To be frank, this cannot be a component level option. Even with this option, it is incomplete; the component MVC would also have to become aware of this. Enabling/Disabling the action log plugins should fulfill this option/desire.

Also, the MVC is written in a way where it should always be able to log. In fact, the action log component serves as the audit log for com_privacy, even if you were to disable all of the related plugins. So there never can be an effective killswitch for the action logging system in the component otherwise we are forced to create yet another logging system internal to com_privacy that can't be disabled.

So, should i review this by removing enable/disable option, and then removing preset core extensions from loggeable extensions option ?
In order to have User Actions Log disabled by default (many sites won't need logs to be enabled, and it could impact performance and MySQL stability on some hosting...)

If you intend on a PR that disables logging by default, then the plugins should be set to disabled instead of enabled. Haven't looked at anything else on this PR, but for that point IMO it should not be a component level option.

Basically, the component is there to provide an API for reading and writing data. But the component should not prevent writing data in full.

If you intend on a PR that disables logging by default, then the plugins should be set to disabled instead of enabled. Haven't looked at anything else on this PR, but for that point IMO it should not be a component level option.

Well, i mean not having core extensions all selected by default, and the possibility to disable all (UX issue #22627 )

Lastly, one thing to make clear in case there's any misunderstanding. This system is not logging literally every transaction that happens on a site. It does log things that perform save and delete actions, many admin related actions (extension install/uninstall type things), and user login activity (so for some ecommerce or forum oriented sites with large user bases, that can create a busy log system), but for sites where there is only one or two admins and no frontend authentication element there really should be minimal activity from this system.

So I get the concern that this can be performance impacting for larger sites, but it really shouldn't be as big of a performance concern as some might have thought.

Well, i mean not having core extensions all selected by default, and the possibility to disable all (UX issue)

Yeah, those bits are valid. Like I said, I really only singled out the "disable logging" option you've added to the component, which as I pointed out I don't think belongs for reasons already given (imagine if there were a similar killswitch option in com_finder for the indexer).

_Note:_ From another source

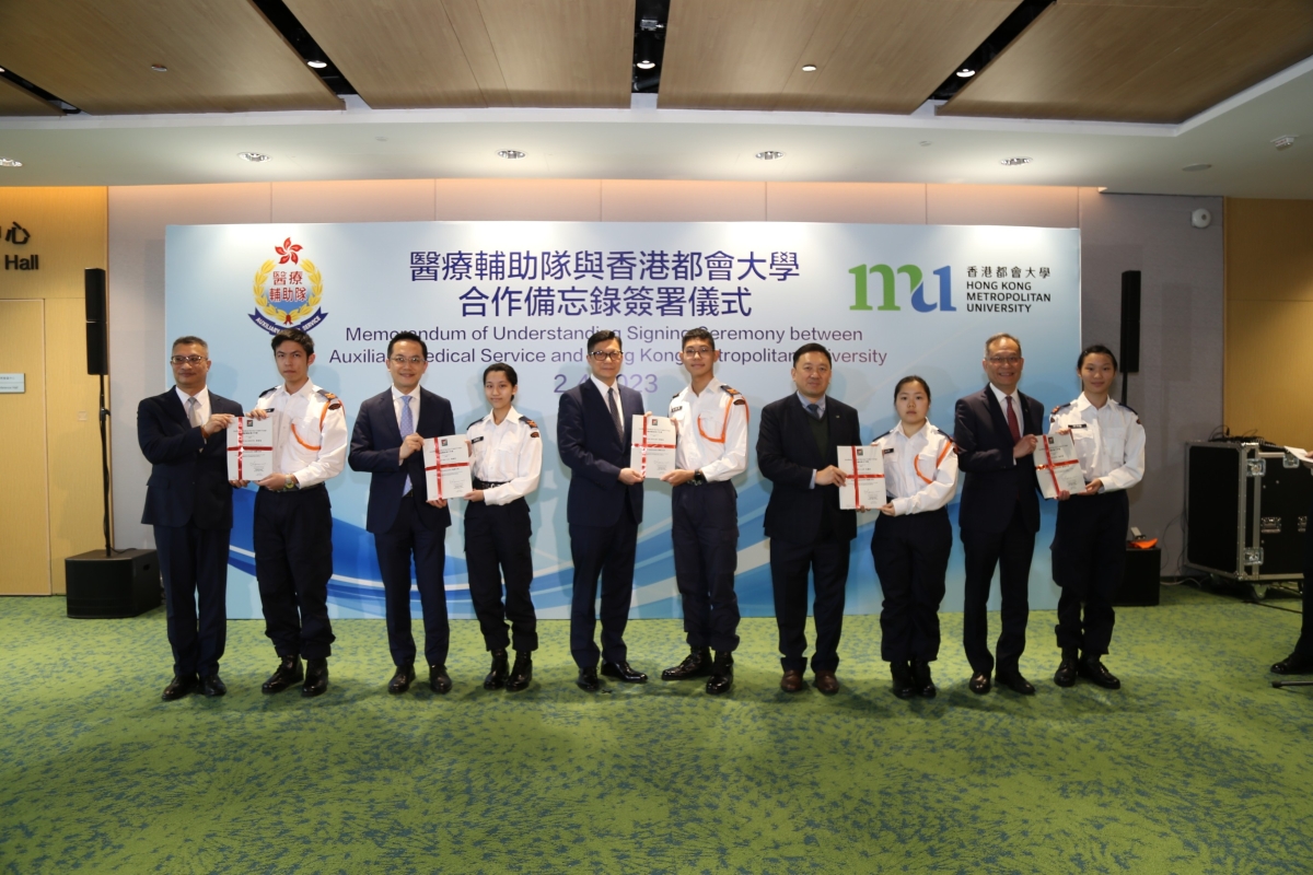 合作備忘錄由醫療輔助隊總參事黃英強(左二)及都大校長林群聲(右二)共同簽署,並由保安局局長鄧炳強(左一)及都大校董會主席黃天祥(右一)共同見證。 合作備忘錄由醫療輔助隊總參事黃英強及都大校長林群聲教授共同簽署,並由特區政府保安局局長鄧炳強及都大校董會主席黃天祥博士共同見證。 鄧炳強致辭時表示,特區政府非常重視青年發展,這次簽署合作備忘錄,標誌着醫療輔助隊與都大將會進一步促進雙方於不同層面上的合作,尤其以護理及醫療專職培訓、義工服務以及青少年服務方面,將會帶來協同效應,為香港培育更多人才。 黃天祥表示,都大作為香港培育護理專才的主要學府,他深信與醫療輔助隊攜手合作,必定能為香港帶來更大的裨益。 醫療輔助隊與都大將透過各項教育活動,包括醫療及衞生培訓、服務學習計劃、義工服務、職涯規劃,推動青年人多元發展。

Yeah, those bits are valid. Like I said, I really only singled out the "disable logging" option you've added to the component, which as I pointed out I don't think belongs for reasons already given (imagine if there were a similar killswitch option in com_finder for the indexer).

Ok for the enable logging option, will remove.

About pre-selected core extensions, do you mean none selected by default could be an option (means database removal of pre-settings), or the possibility to disable all (by removing only form default element) ?

About pre-selected core extensions, do you mean none selected by default could be an option (means database removal of pre-settings), or the possibility to disable all (by removing only form default element) ?

The change you made here that allows a deselect/select all action is fine. And just leaving it defaulted to logging from all core extensions works. Otherwise you leave users to try and figure out what extensions should be logged when you actually turn the system on and possibly trying to figure out why nothing is being logged in the first place until they hit this config screen.

(Not to say that isn't a problem as extensions add support, but we can at least alleviate a potential pain point with core)

Thanks again @mbabker for the time you take to answer! ?

Otherwise you leave users to try and figure out what extensions should be logged when you actually turn the system on

The showon attributes could be removed then (this was one questionmark i had while adding showon...)

and possibly trying to figure out why nothing is being logged in the first place until they hit this config screen

Well, this could have been managed as for com_redirect (an alert message) ;-)

But this is not anymore the question, as logs may be enabled by default...

I will redo this PR with only checkboxes field improvement to select All/None (in this case, i have to remove the default attribute for loggeable_extensions to allow an empty selection).

I close here, and will redo the PR only for select all/none checkboxes field.